Grati (Kabarpas.com) – Untuk meminimalisir terjadinya banjir di Pasuruan wilayah timur. Pemerintah Kabupaten (Pemkab) Pasuruan, pada Selasa (24/01/2017) siang melakukan normalisasi Sungai Betotot yang berada di Grati, kabupaten setempat. Sungai ini ditengarai sebagai salah satu penyebab terjadinya banjir yang ada di Pasuruan wilayah timur.
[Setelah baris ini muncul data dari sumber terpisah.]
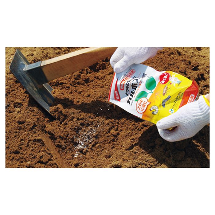 接触毒によりネキリムシやコガネムシの幼虫に有効です。粉剤タイプでそのまま使えます。
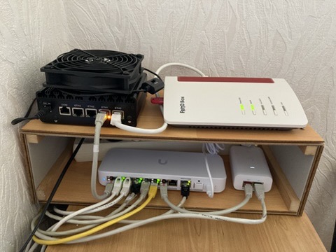Die Schalttafel war nicht das Optimum, ein selbstgeschnitztes Regal ist praktischer. Dem Topton musste ich noch einen Lüfter spendieren (von 60° auf 40° bei niedrigster Drehzahl), die Kühlrippen allein bringen wenig. Der Switch wird auch ordentlich warm, der sieht aber keine zusätzliche Kühlung vor.

Pantauan Kabarpas.com di lokasi, dengan menggunakan sebuah alat berat. Petugas dari Dinas Pengairan Kabupaten Pasuruan melakukan normalisasi atau pengerukan lumpur yang berada di dalam sungai tersebut.
Dalam kesempatan itu, Bupati Pasuruan, Irsyad Yusuf yang hadir dengan menggenakan kaos pendek berwarna orange dengan rompi dan kacamata hitam, memantau langsung normalisasi sungai yang ditengarai sebagai salah satu penyebab banjir di Pasuruan wilayah timur.
“Meski sungai ini adalah kewenangan pihak Pemprov Jawa Timur. Namun, karena berada di wilayah Kabupaten Pasuruan. Sehingga sebagai bentuk tanggung jawab, kami melakukan normalisasi sungai ini untuk meminimalisir terjadinya banjir,” kata Bupati Pasuruan, Irsyad Yusuf saat ditemui di lokasi.
Pria yang memiliki hobi fotografi ini mengatakan, normalisasi sungai selebar 7-8 meter tersebut akan dilakukan sepanjang 500 meter. Selain pengerukan endapan lumpur, juga dilakukan perbaikan sejumlah plengsengan yang jebol akibat banjir di wilayah tersebut beberapa waktu lalu.
“Karena ini sifatnya adalah kedaruratan, maka pengerukan yang kami lakukan ini ialah sesuai kemampuan kita yaitu sedalam dua meter,” pungkasnya. (ajo/gus).